Entriamo nel libro, ma parlare di trama qui è piuttosto fuorviante: il filo conduttore è in realtà il pretesto per parlare d’altro, di moltissimo altro. Un ultracinquantenne professore di filosofia, in scadenza di contratto, viene chiamato – in un’epoca che potrebbe corrispondere all’inizio del nuovo millennio, gli indizi sono nella cronaca letta dal protagonista – al prestigioso Collegio della Rocca di Monteferro per occupare, dopo opportuno periodo di prova, una cattedra vacante, la tredicesima. Il tempo antecedente le elezioni (“dai Santi al solstizio d’inverno”), già fortemente combattute tra frange opposte, diventa anche lo spazio di ricordi personali della preadolescenza, segnata dalla scomparsa della madre, di creazioni narrative, di elucubrazioni sulla materia insegnata, di divagazioni oniriche e di vere lezioni filosofiche. Le sette settimane devono essere occupate da altrettante lezioni che “ipotecano il posto”. Dietro tutti i membri dell’Istituto, l’Astrea, misteriosa entità collegiale di stampo clericale i cui poteri sono tenuti dall’ultima erede di colei che fondò il Collegio.
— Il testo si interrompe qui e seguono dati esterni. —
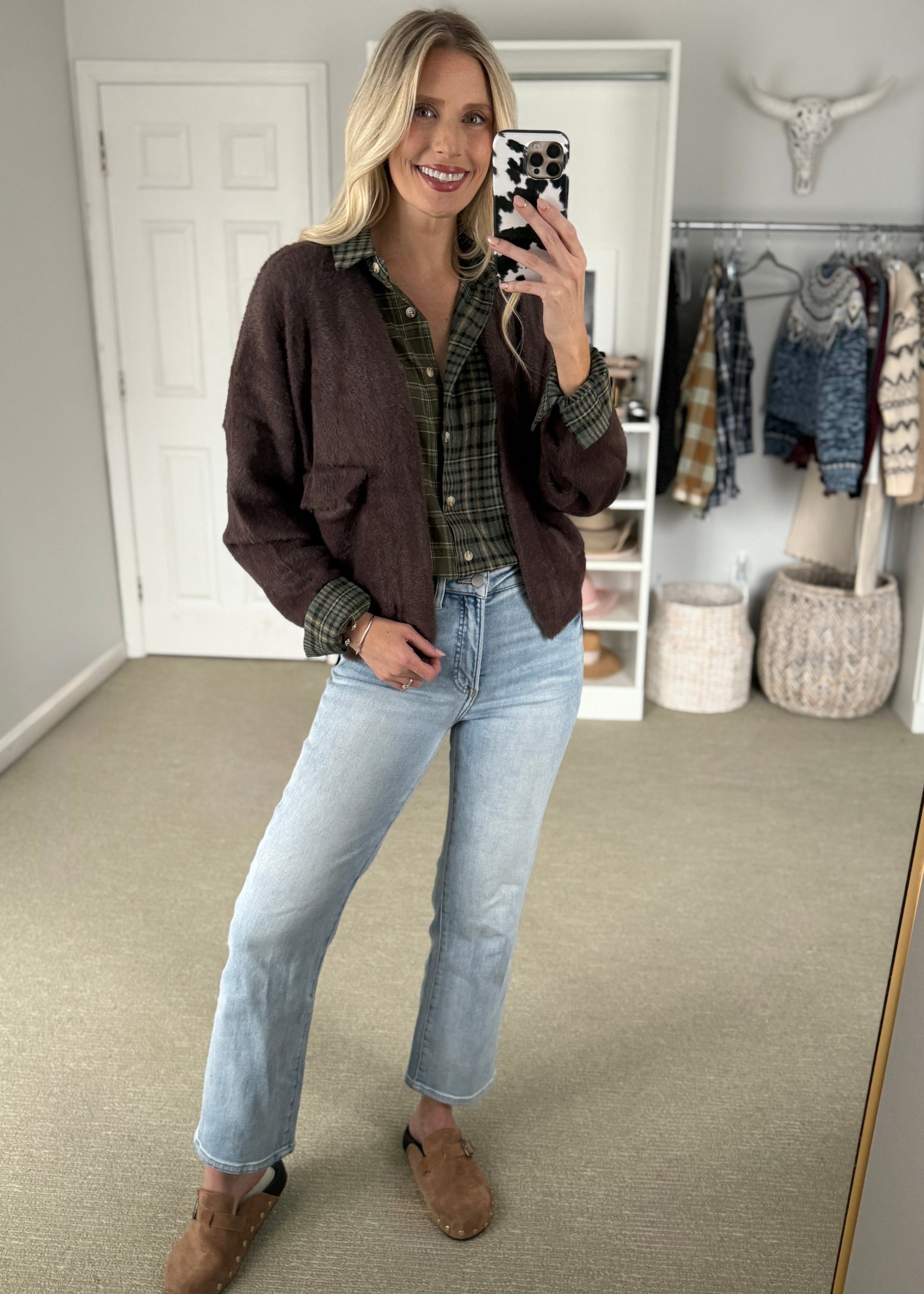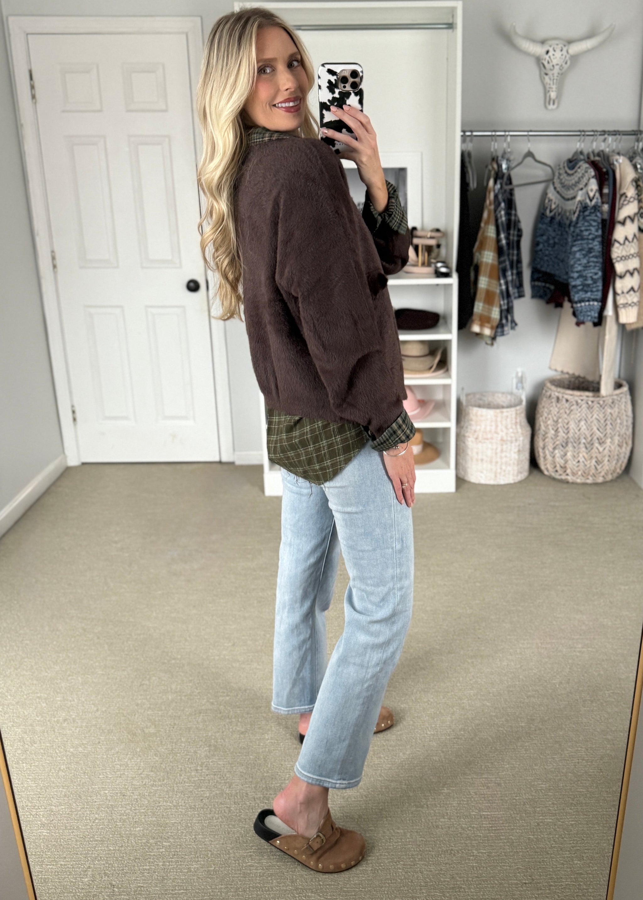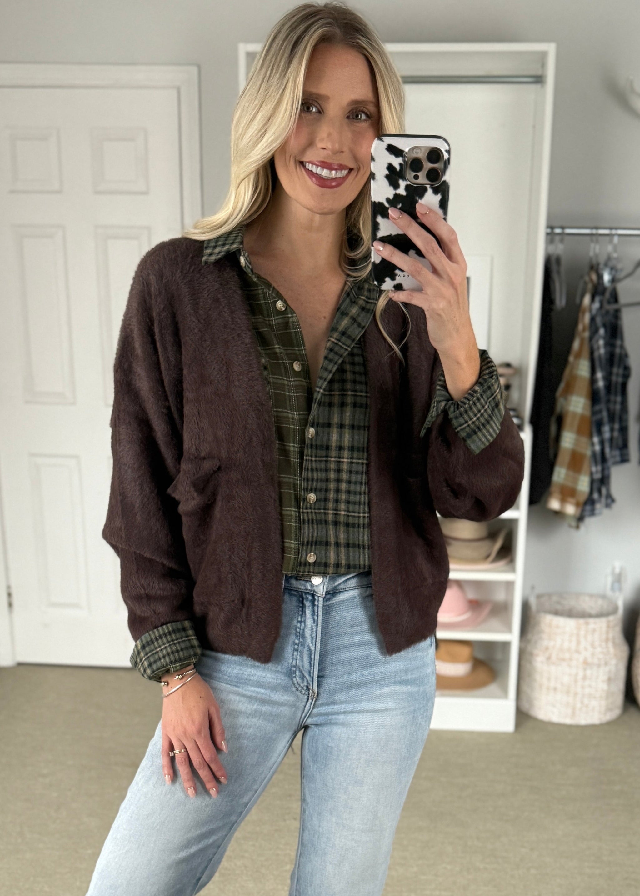 Snuggle up in style with the fabulous animal print Sherpa Crossbody Bag! This accessory offers the perfect blend of cozy texture and roomie design. 14.5...
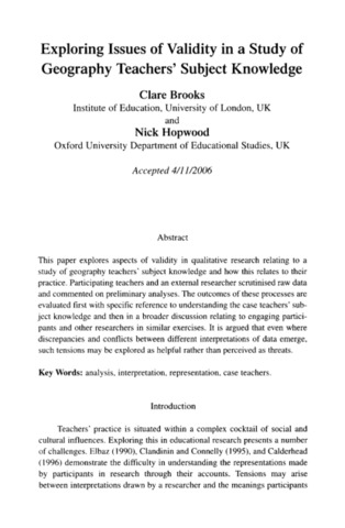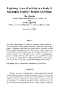 Title: | Exploring Issues of Validity in a Study of Geography Teachers’ Subject Knowledge |
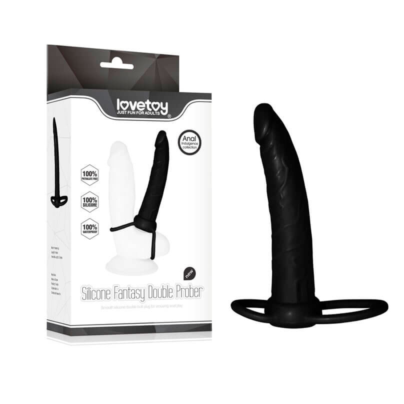 Anel companheiro para duplas penetrações com alça flexível para o pênis e para o escroto. O pênis tem glande saliente e textura de veias ao longo do corpo!
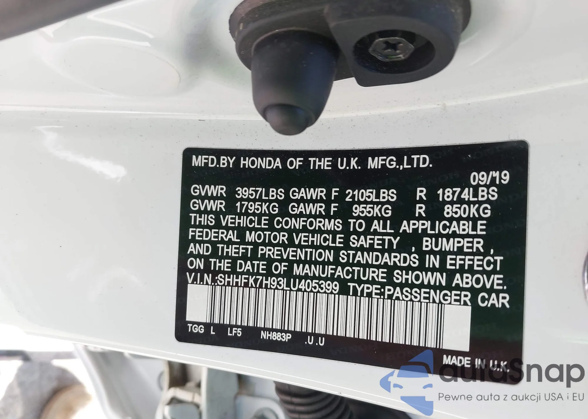 VIN: SHHFK7H93LU405399

Tresche, colloqui non richiesti, sgambetti: tutto è possibile fino all’ultimo giorno.

La prosa è breve, fulminea, a tratti paralizzante; il materiale da cui Cordero attinge è tutta la cultura Occidentale, dagli albori ai giorni nostri. Periodi storici e vicende che ne sottendono altri, soprattutto sottendono conoscenze, perché davanti agli occhi scorrono l’universo degli antichi classici, l’Apocalisse, la filosofia scolastica, la logica, la Chanson de geste, il ciclo arturiano e la Commedia, i Templari, il Seicento, la Francia illuminista, Edgar Allan Poe, Puškin, il nazismo dall’ascesa alla caduta, e moltissime storie nelle storie, materiale narrativo fornito dai sogni, da una passeggiata, da un incontro. Richiama una specie di “Unendliche Geschichte” per adulti, mi si passi il paragone. O Umberto Eco. Tertium non datur, ma forse per ignoranza del recensore.

Il professore in pectore vorrebbe scrivere un romanzo storico, ambientato in un “principato vescovile lambito da guerre croniche”, durante la guerra dei Trent’anni: il protagonista, Alessio, è un chierico i cui studi si compiono presso una casa della Societas Iesu: compendia Agostino e Pelagio, studia Tommaso e giunge a conclusioni pericolose: il libero arbitrio non esiste.Il ragazzo è figlio di un’eretica finita sul rogo e il rischio d’essere scoperto è alto. Il suo creatore (la minuscola è d’obbligo, parliamo di finzione narrativa) lo salva. Scampato alla professione religiosa si “converte” alla spada.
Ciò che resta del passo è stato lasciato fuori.